I’ve never been in a car wreck, but I imagine the instant collision impact like I did when my then spouse decided to tell me over my tears that they weren’t happy with me. I didn’t make them feel loved. They were just done.
A blur consumed my vision over the days and weeks that followed. Crippling pain hindered
my ability to climb out of bed some mornings. Each day waking up to walk myself through the
events that had gotten me here.
As much as this giant shift was out of left field, it was more unexpected that I would find myself moving back home at 24 years old, being served divorce papers at the front door of my childhood home.
Surrounded by family, both physically and emotionally, I struggled to climb out of the well
of loneliness into which I was falling. The well went deeper and deeper every day for weeks until I didn’t recognize the personal falling anymore.

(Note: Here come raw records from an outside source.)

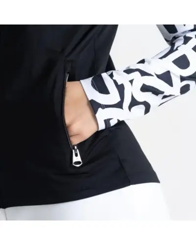 Női core stretch felső, Újrahasznosított meleg belsős stretch szövet - Ilus Core, Fém hatású középső cipzár, cipzár és állvédő, 2 x alsó zseb fém hatású cipzárral
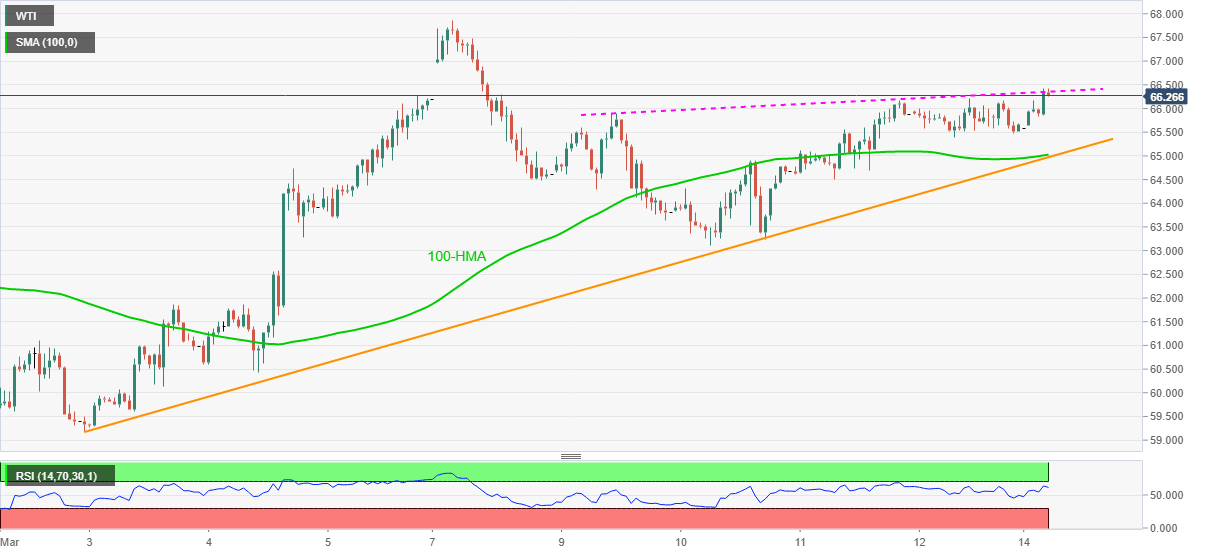 Following the recent uptick to poke immediate key resistance line on China’s upbeat data, WTI wavers around $66.30, up 1.0% intraday, during early Monday. In doing so, the energy benchmark justifies upbeat RSI conditions as well as the quote’s sustained trading above 100-HMA and an ascending support line from March 02.
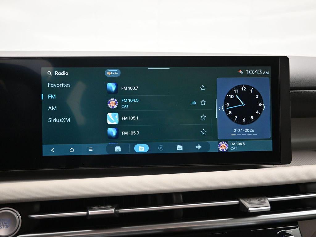 - Radio: AM/FM/HD Audio System -inc: 12.3" color touchscreen display, 6 speakers, SiriusXM satellite radio system (3-month trial subscription), wireless Apple CarPlay and Android Auto integration, controller OTA update capability, Blue Link connected car system and USB connectivity
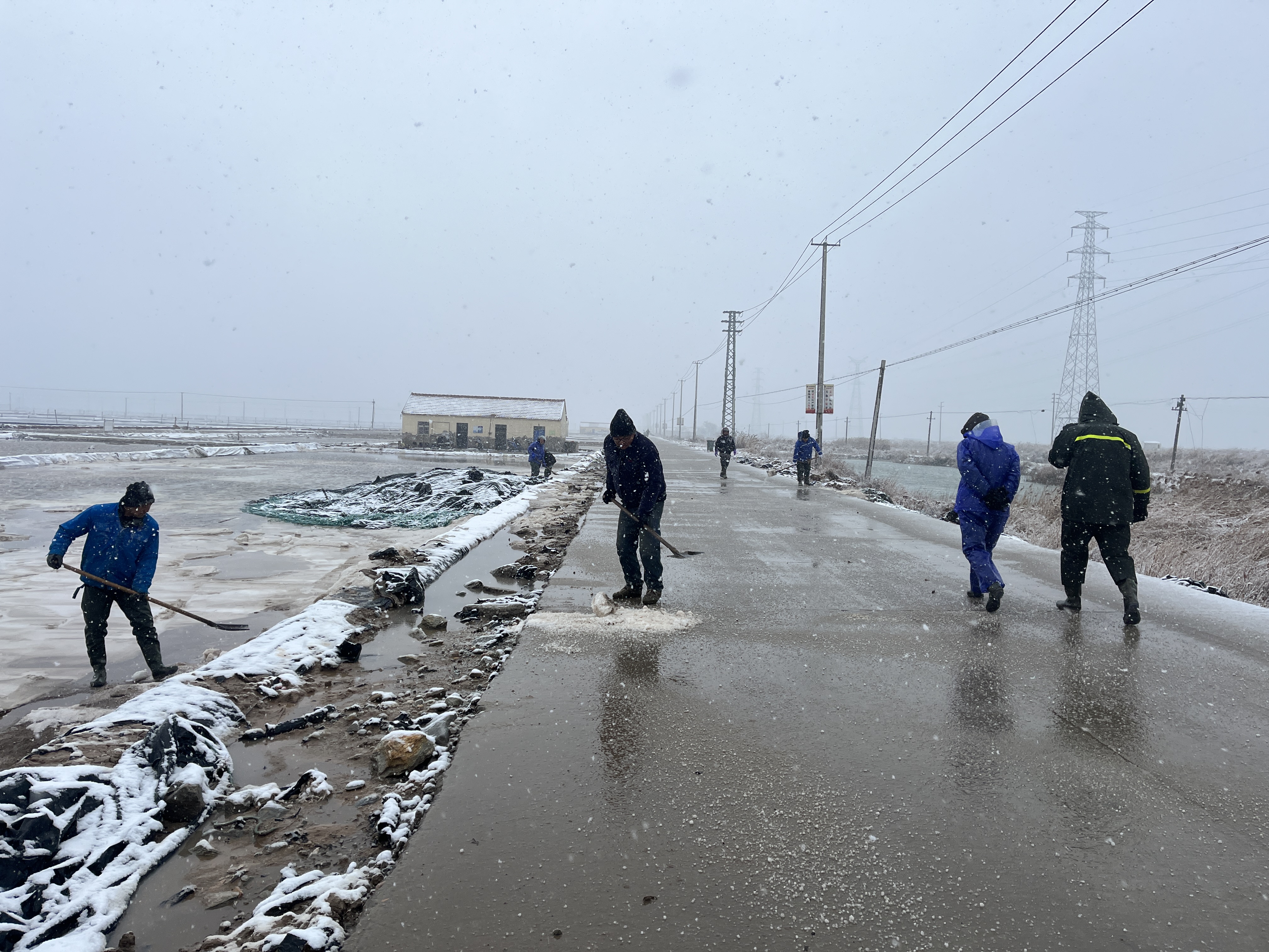 以雪為令,全力奔赴清雪戰(zhàn)一線。隨著降雪量增大,采取“人工+機械”的作業(yè)方式,使用自產原鹽融雪劑對轄區(qū)中二圩居民點、鹽灘內部道路、辦公區(qū)域等20余條主次干道不間斷地毯式清雪除冰作業(yè)。清雪現(xiàn)場,大家不畏嚴寒,積極行動,鏟的鏟、推的推,干得熱火朝天,開辟出一條方便群眾出行的“安全路”。截止目前,已累計出動車輛30余臺次,300余人次參與清雪除冰行動,確保職工群眾“雪中通行,雪后路清”。
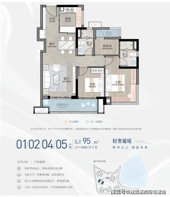 7.2m 临湖阳台,进一步拉近了业主与湖景的距离,可于此亲近自然,放松身心。超 270° 环幕主卧,不仅采光极佳,还能让业主在休息时欣赏到美丽的湖景,营造出浪漫温馨的居住氛围。该户型无论是空间尺度还是景观视野,都达到了较高水准,为追求极致湖居生活的业主提供了理想之选。
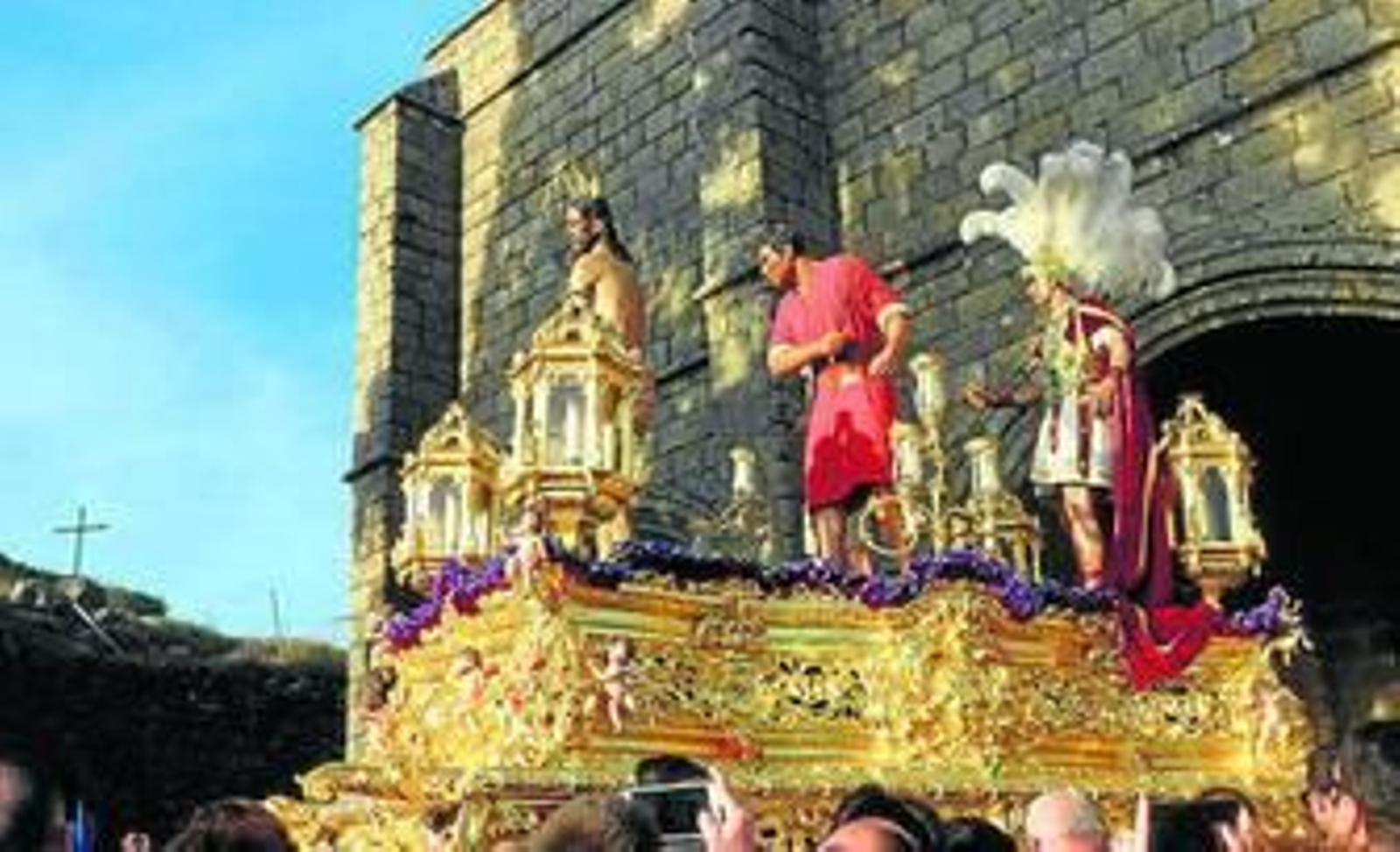 Destacó la salida del Castillo, bajada hacia Plaza Alta y entrada y salida en la parroquia, paso por el paseo y luego entrada con muchas personas en el interior del templo en la entrada.
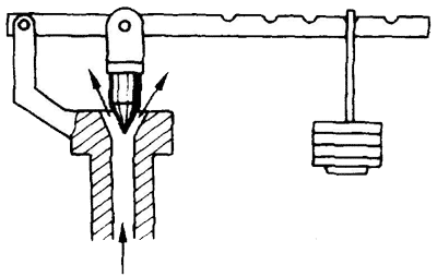 也是利用重锤的方法,但把重锤挂在横杆上,杆的支点在最左端,中间是锅炉的排气孔.当压力过高的时候,蒸汽把横杆连同重锤顶起来,一时锅炉内的蒸汽排除压力下降.而且可以通过调节重锤离左端的距离来改变所限制的压力值.

Nobody tells you how to reroute your life. How do you start over when the forever you planned
is flipped upside down?
Healing isn’t linear. I learned that fast. You grieve the past, present, and future. And often,
you don’t grieve in that order. It shows up in waves that threaten to drown until you fight through it. It also shows up subtly like a song on the radio, a date on a calendar, or a white dress in your closet as a reminder of past life, a different you. A you that existed before your edges became sharp, blocked off and trauma-whittled to the bone.

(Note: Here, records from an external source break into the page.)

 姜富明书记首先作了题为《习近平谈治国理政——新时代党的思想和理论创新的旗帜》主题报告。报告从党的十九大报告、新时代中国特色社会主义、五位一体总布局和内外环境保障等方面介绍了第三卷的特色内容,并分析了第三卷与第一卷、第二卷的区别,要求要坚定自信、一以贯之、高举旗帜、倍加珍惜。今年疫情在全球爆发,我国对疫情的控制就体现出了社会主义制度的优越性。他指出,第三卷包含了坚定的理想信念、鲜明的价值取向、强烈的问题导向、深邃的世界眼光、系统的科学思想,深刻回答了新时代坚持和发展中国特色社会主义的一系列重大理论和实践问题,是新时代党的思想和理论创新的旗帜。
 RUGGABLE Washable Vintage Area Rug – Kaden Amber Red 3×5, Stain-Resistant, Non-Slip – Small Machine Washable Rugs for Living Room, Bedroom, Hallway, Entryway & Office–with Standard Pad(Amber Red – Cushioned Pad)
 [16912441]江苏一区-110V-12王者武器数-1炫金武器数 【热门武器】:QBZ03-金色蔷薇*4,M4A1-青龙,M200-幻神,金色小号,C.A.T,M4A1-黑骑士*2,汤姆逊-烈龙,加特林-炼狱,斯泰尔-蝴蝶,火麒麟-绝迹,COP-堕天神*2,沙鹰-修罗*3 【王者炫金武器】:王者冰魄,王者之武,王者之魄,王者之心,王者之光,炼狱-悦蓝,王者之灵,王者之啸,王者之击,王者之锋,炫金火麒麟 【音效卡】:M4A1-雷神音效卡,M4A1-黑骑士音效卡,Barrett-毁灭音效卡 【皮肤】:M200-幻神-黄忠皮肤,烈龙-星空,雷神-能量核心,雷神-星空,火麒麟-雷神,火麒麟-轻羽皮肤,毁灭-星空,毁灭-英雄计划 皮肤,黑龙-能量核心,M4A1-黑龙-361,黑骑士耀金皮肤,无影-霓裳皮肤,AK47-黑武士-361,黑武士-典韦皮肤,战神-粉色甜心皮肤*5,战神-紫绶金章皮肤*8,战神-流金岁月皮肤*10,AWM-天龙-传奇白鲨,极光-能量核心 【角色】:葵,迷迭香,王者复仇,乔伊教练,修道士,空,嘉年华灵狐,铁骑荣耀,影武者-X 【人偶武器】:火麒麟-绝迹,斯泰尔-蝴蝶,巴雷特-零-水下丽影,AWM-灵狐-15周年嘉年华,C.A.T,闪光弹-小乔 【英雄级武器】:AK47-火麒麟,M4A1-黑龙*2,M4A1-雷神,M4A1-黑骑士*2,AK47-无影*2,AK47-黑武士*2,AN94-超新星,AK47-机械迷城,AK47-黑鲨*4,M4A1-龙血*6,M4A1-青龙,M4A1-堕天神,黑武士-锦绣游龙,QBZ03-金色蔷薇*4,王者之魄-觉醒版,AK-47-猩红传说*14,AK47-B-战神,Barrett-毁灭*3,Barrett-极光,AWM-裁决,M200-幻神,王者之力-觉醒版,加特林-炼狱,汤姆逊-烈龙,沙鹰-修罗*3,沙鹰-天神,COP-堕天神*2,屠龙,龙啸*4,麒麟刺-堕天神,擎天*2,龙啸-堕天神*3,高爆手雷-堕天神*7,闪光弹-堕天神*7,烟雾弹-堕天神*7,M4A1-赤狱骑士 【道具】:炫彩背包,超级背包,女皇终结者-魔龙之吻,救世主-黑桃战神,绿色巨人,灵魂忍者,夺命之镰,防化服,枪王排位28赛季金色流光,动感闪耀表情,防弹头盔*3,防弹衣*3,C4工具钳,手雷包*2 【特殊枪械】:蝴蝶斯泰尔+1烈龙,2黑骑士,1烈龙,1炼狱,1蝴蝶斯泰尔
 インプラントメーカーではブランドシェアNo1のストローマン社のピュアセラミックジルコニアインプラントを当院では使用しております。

For me, it came in the form of divorce papers. It came by moving back to my parent’s home and then out of my parent’s home and on my own for the first time. It came falling asleep next to my dog each night, clutching him as I cried myself to sleep. It came in the removal of my wedding ring and the sorting through of both physical and emotional memories. I was unzipping the garment bag in my closet and feeling the lace of my wedding gown in my hands.
It came in taking the next step forward, one foot in front of the other, alone. And it came in
figuring out what had become of my life and what would become of it.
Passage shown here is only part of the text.